In the first half of 2020, SARS‑CoV‑2—the new coronavirus behind the disease COVID‑19—infected 10 million people around the world and killed about half a million. But few countries have been as severely hit as the United States, which has just 4 percent of the world’s population but a quarter of its confirmed COVID‑19 cases and deaths. These numbers are estimates. The actual toll, though undoubtedly higher, is unknown, because the richest country in the world still lacks sufficient testing to accurately count its sick citizens.
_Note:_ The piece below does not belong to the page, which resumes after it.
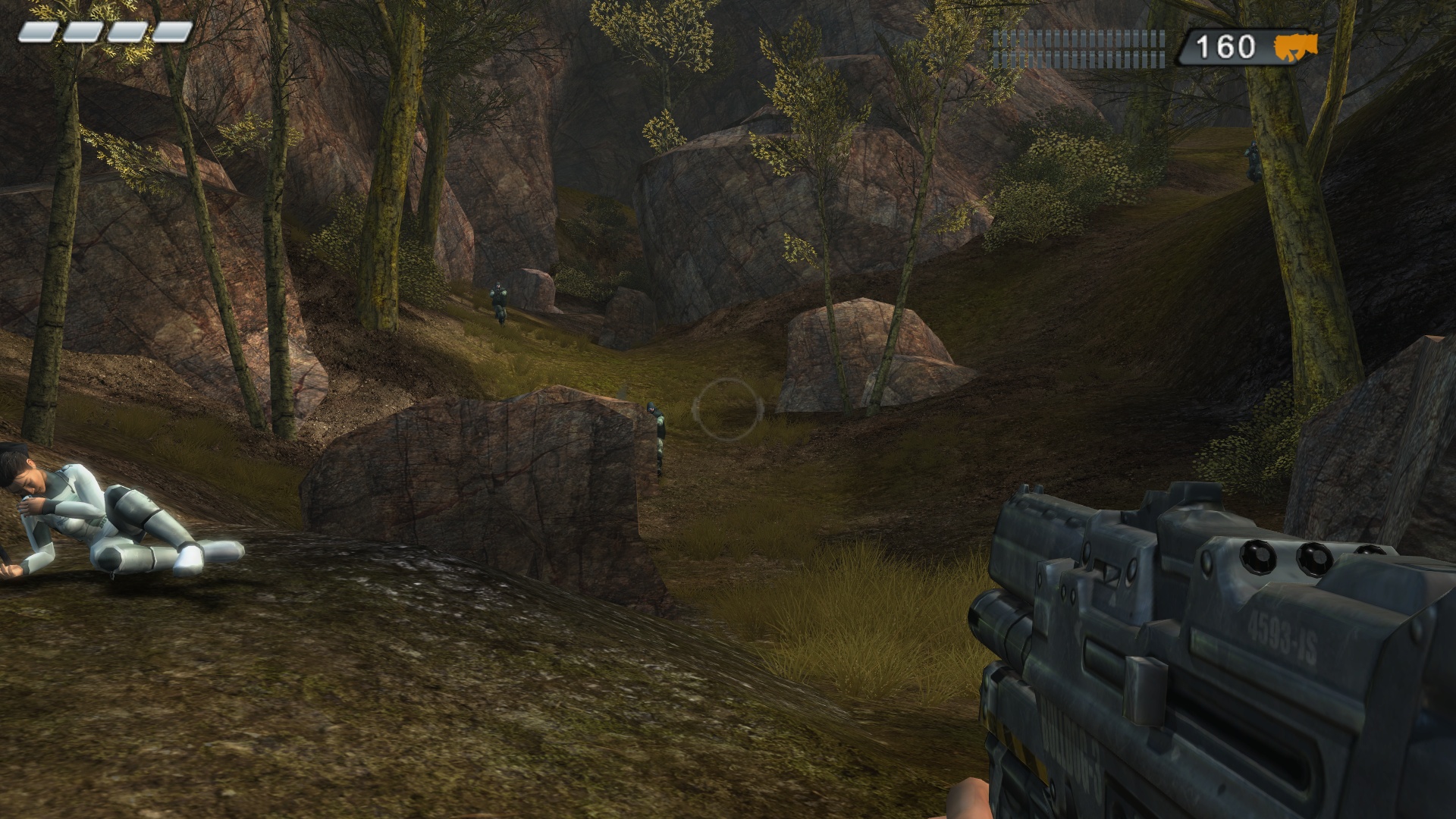 Le scénario de Pariah est… décousu. L’introduction du jeu ne donne que très peu d’informations sur l’univers, le contexte… Et même la fin du jeu laisse énormément de questions sans réponses. Ma théorie est que Digital Extremes souhaitait développer l’univers de Pariah au travers d’autres jeux, mais cette vision n’a jamais pu se concrétiser, laissant un jeu avec un scénario qui, sans être bancal, aurait mérité un développement plus poussé. Après, je ne peux pas en vouloir au scénariste de ne pas avoir eu assez d’opportunité de développer le scénario puisque le mode solo se boucle en à peine cinq heures… Ce qui pour un mode solo d’un FPS en 2005 est peu, vraiment très peu. Pour rappel, au moment de la sortie de Pariah, des titres comme Doom 3, Halo & Halo 2 ou même le premier Painkiller sont déjà sortis et ont montré qu’on peut produire un scénario et un environnement narratif de qualité sur un FPS en 3D, et voir à quel point le mode solo de Pariah est faible et vraiment décevant.

Despite ample warning, the U.S. squandered every possible opportunity to control the coronavirus. And despite its considerable advantages—immense resources, biomedical might, scientific expertise—it floundered. While countries as different as South Korea, Thailand, Iceland, Slovakia, and Australia acted decisively to bend the curve of infections downward, the U.S. achieved merely a plateau in the spring, which changed to an appalling upward slope in the summer. “The U.S. fundamentally failed in ways that were worse than I ever could have imagined,” Julia Marcus, an infectious-disease epidemiologist at Harvard Medical School, told me.

Since the pandemic began, I have spoken with more than 100 experts in a variety of fields. I’ve learned that almost everything that went wrong with America’s response to the pandemic was predictable and preventable. A sluggish response by a government denuded of expertise allowed the coronavirus to gain a foothold. Chronic underfunding of public health neutered the nation’s ability to prevent the pathogen’s spread. A bloated, inefficient health-care system left hospitals ill-prepared for the ensuing wave of sickness. Racist policies that have endured since the days of colonization and slavery left Indigenous and Black Americans especially vulnerable to COVID‑19. The decades-long process of shredding the nation’s social safety net forced millions of essential workers in low-paying jobs to risk their life for their livelihood. The same social-media platforms that sowed partisanship and misinformation during the 2014 Ebola outbreak in Africa and the 2016 U.S. election became vectors for conspiracy theories during the 2020 pandemic.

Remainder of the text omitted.